Grief: Happy and Sad

'So this is my life...and I want you to know that I am both happy and sad, and I am still trying to figure out how that could be.'
The Perks of Being a Wallflower



I heard Max's voice for the first time since he died. 
It was a voicemail that I had saved on my phone, recorded 2 days before his death. It took me 610 days to gather the strength to play it. I knew it was there...I knew that he probably said "Hi mama...".
I knew that I could probably hear him say he loved me.
Every day I have thought about that voicemail. Saving it...relishing in the fact that I would be able to hear his voice again. I just didn't have the courage to feel what I knew was waiting for me inside that 20 second message.
Until Mothers Day.
My second without Max.
I walked outside of myself that day, determined to give my own mother a nice day. Tears forming in the corner of my eyes and a smile on my face I spent the most excruciating day of the year trying desperately not to break down.
It wasn't until I left her at home and I was in the sanctity of my car that I broke down.
Actually, it was more of a melt down than a breakdown.
It was Mothers Day and I'm not anyone's mother. Not anymore.
In that moment I had to hear Max's voice...so I played it. The only way I will ever hear my sons voice again. Booming through my car speakers via bluetooth it was Max, loud and clear, like he was right next to me. 
Something in the casual nature of his voice, the way he cleared his throat at about 12 seconds in, the way his other line was beeping so he hurried to say goodbye but didn't forget to say I love you...it was pure Max. 

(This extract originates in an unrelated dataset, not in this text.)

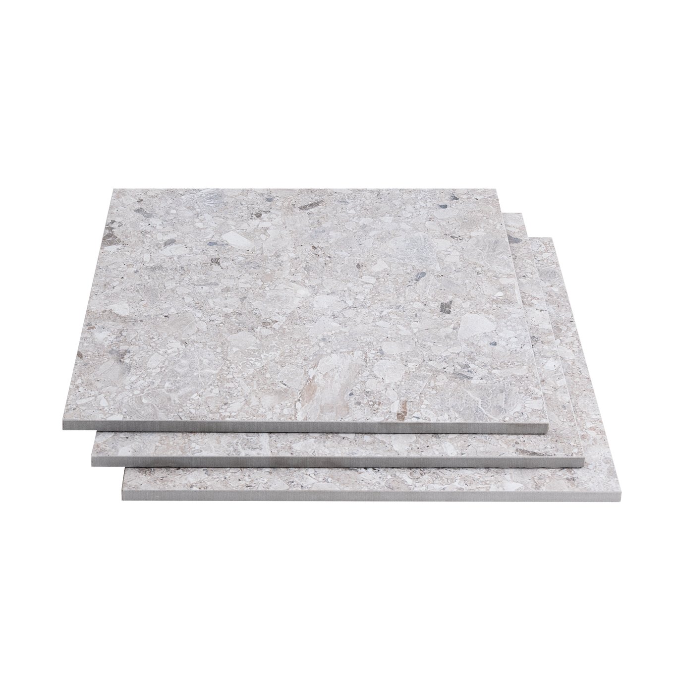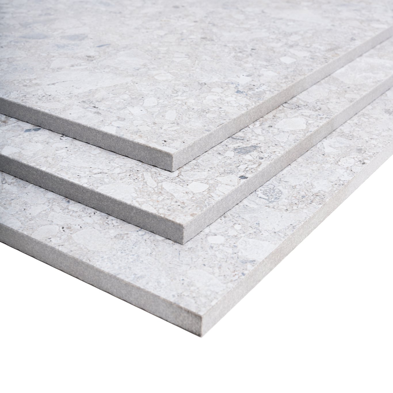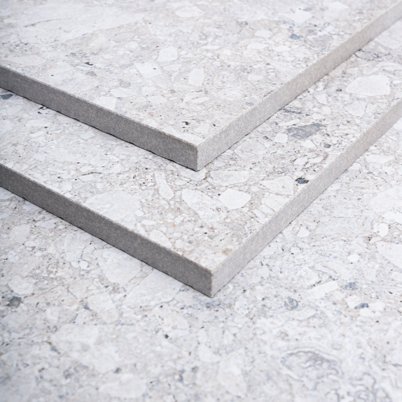 Pietre Di Paragone er en serie med urbane gulvfliser som kan brukes både innen- og utendørs. Flisene har en halvmatt overflate med terrazzo-imitasjon.
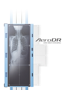 CsIシンチレータにより「高画質・低被曝」を両立するAeroDR。AeroDRを複数枚組合せることにより,従来からニーズの多い1ショットでの長尺撮影を実現。また,体格の大きな患者様でも十分にカバー可能な,17x48インチと大きな撮影領域に対応しています。

For the first time since he died I felt complete loss. It overwhelmed me. This emptiness, loneliness, extreme sadness, is this what they call grief?
I was feeling everything.
All at once.
Misery. 
This was pure misery and its been waiting for me since the day Max died.
I pulled into a parking lot and played that message 10 more times.
And I sobbed. 
Hidden behind the running events I do, the college courses I'm enrolled in, the house I'm remodeling, the three bulldogs that consume every spare minute I have and everything else I do...is the misery that I push aside every morning when I wake up.
Because I am miserable without my son.
I am functional. 
But I am miserable.
I keep myself extremely busy and it's strange to me that people see this as a sign of strength. That I am strong enough to keep moving forward.
It's not strength...it's weakness...because if I slow down I have to remember that Max is really gone so I do everything I can to push that thought out of my head every day. 
I've been struggling a great deal the past few weeks. I am agitated, tired, sad...
I want to be left alone and then I am lonely. I am grateful for the good friends in my life and I am angry that my son is gone. I am happy at how I am able to help others facing addiction issues, I am guilty that I wasn't able to help my own son.
This is my life. 
It is happy and it is sad.
It is the choice I make when I see the sun every day.
I can be happy or I can be sad or, like most of my days, I can be both.